World’s biggest X-ray laser opens vast research vistas

A sleek, subterranean X-ray laser to be unveiled Friday in Germany, by far the most powerful in the world, has scientists in a dozen fields jostling to train its mighty beam on their projects.

European XFEL will reveal - and capture in images - secrets at the sub-atomic level, promising breakthroughs in medicine, biology, energy, information technology, and chemistry.

It will map the molecular architecture of viruses and cells; render three-dimensional nano-scale snapshots; and film chemical reactions as they unfold.

Most powerful source

Earth scientists should be able to duplicate and study processes occurring deep inside planets, including our own. “The laser is the biggest, and the most powerful, the source of X-rays ever made,” said Olivier Napoly, a member of the French Atomic Energy Commission who helped build the complex.

The European X-Ray Free Electron Laser, or XFEL, is lodged in a series of tunnels up to 38 meters underground near the city of Hamburg.

Its centerpiece is the world’s longest - 1.7 kilometers - superconducting linear accelerator, designed to provide the energy needed to generate X-ray flashes a billion times brighter than the best conventional radiation sources.

That’s 27,000 X-ray flashes per second, compared to the 120/sec produced by a laser of the same type at the U.S. National Accelerator Laboratory in Stanford, California, and 60/sec generated by another in Japan.

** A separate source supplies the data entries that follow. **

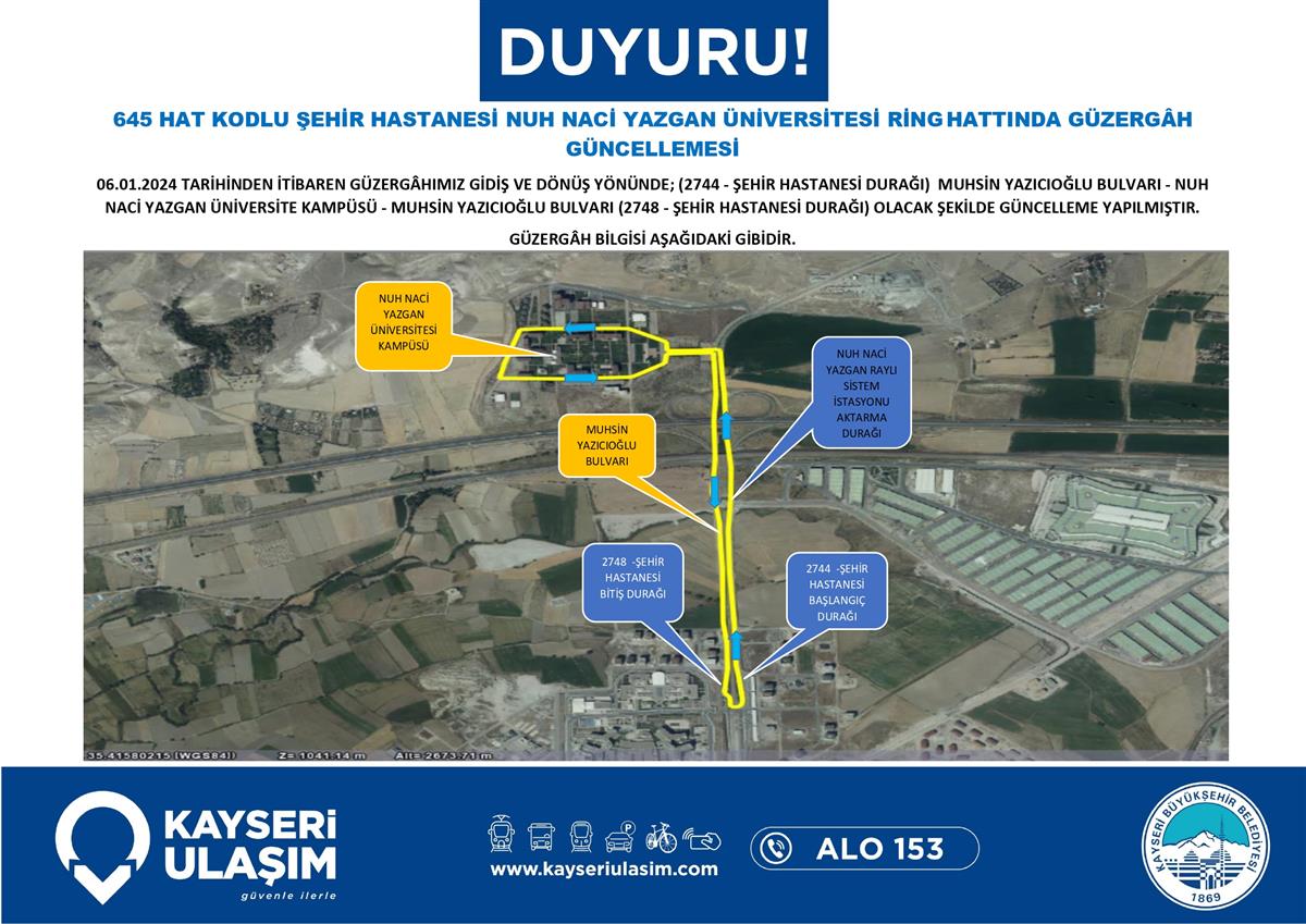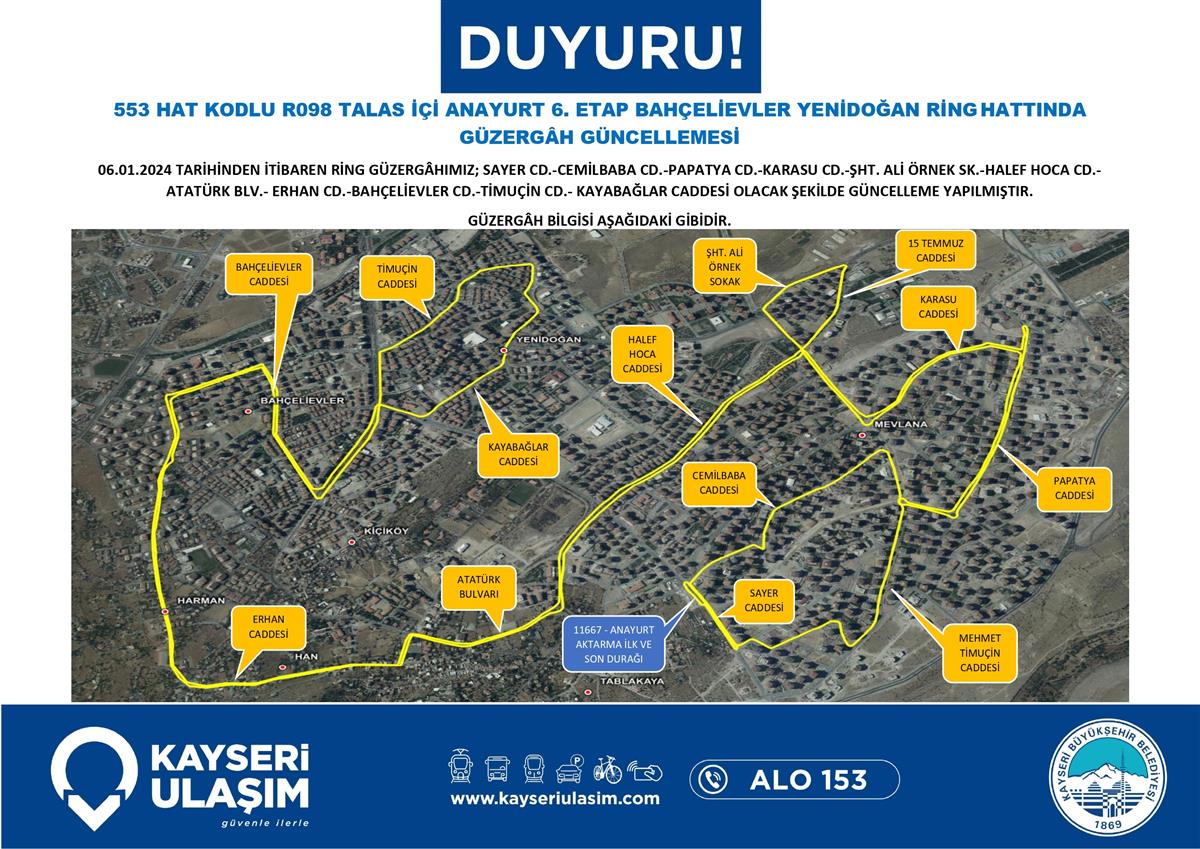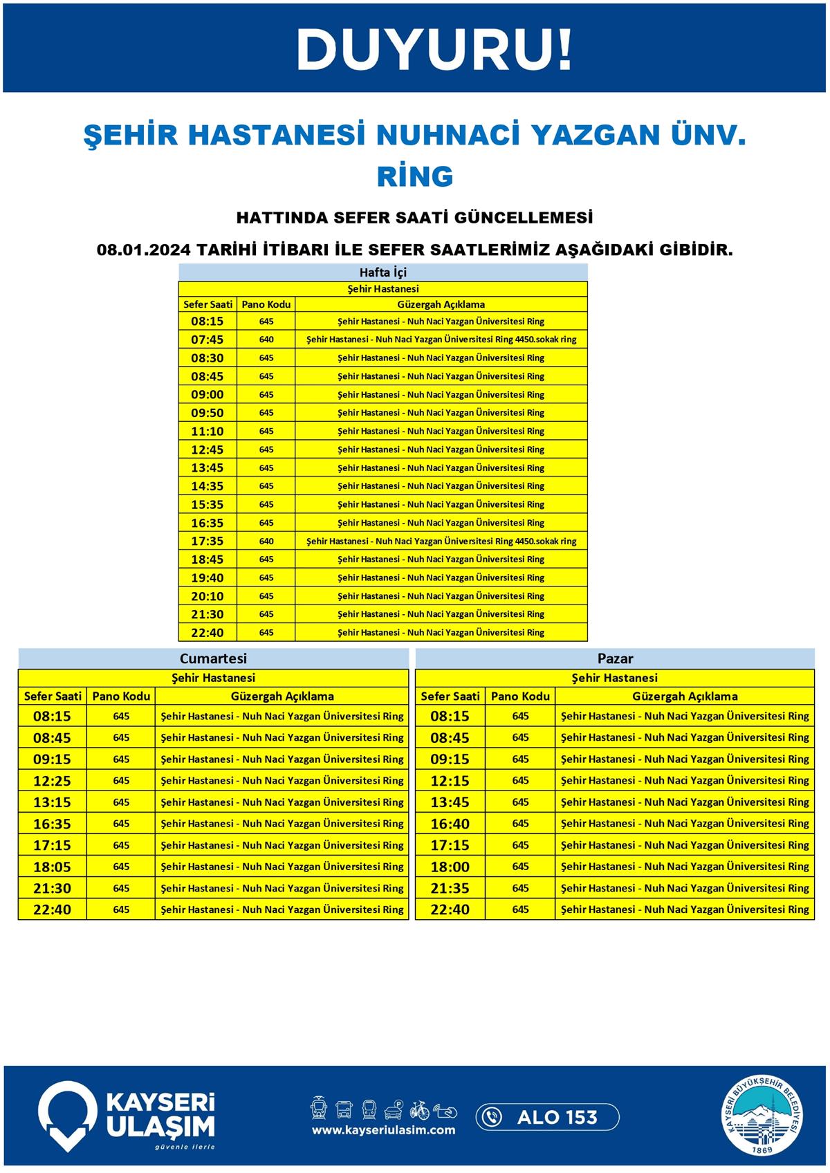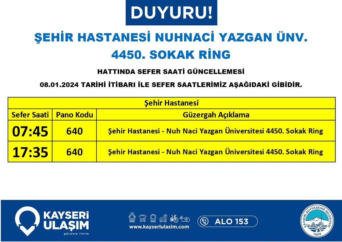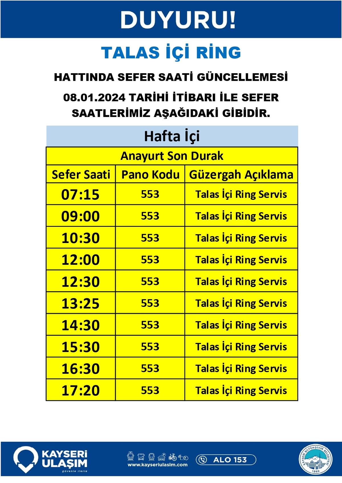 TALAS İÇİ RİNG HATTINDA SEFER SAATİ GÜNCELLEMESİ
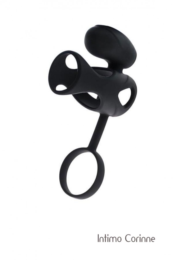Guaina maschile con inserto vibrante per la stimolazione clitoridea ed anello per i testicoli. L'azione di anelli e guaine permettono un maggior afflusso di sangue garantendo maggior erezione e durata. L'aggiunta dell'inserto vibrante contribuisce a stimolare anche la partner per un coinvolgimento totale e garantito. Realizzato totalmente in silicone nero. Resistente alla doccia. Munito di 3 batterie a bottone di tipo AG13 (incluse).
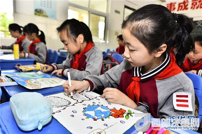 4月19日,安徽省合肥市蜀山區(qū)井崗鎮(zhèn)新城小學(xué)學(xué)生參加“善待地球,童繪藍(lán)天——我與地球的故事”繪畫(huà)活動(dòng)。新華社發(fā)(葛宜年 攝)

For X-ray lasers, brilliance is measured in the number of photons - sub-atomic light particles with no electric charge that move at the speed of light - generated at a certain radiation wavelength, from high-energy gamma- and X-rays, to low-energy infrared and radio waves.

At the nano scale

The uber-laser is “like a camera and a microscope that will make it possible to see more tiny details and processes in the nano world than ever before,” said Robert Feidenhan’l, chairman of the European XFEL management board.

Scientists working in the field of medicine are eager to train these flashes on the tiniest building blocks of living tissue, whether of humans or pathogens. Like a mechanical machine with moving parts, biological molecules performing their respective tasks change the structure. The ultra-short duration of XFEL pulses will create film-like sequences that can record these changes.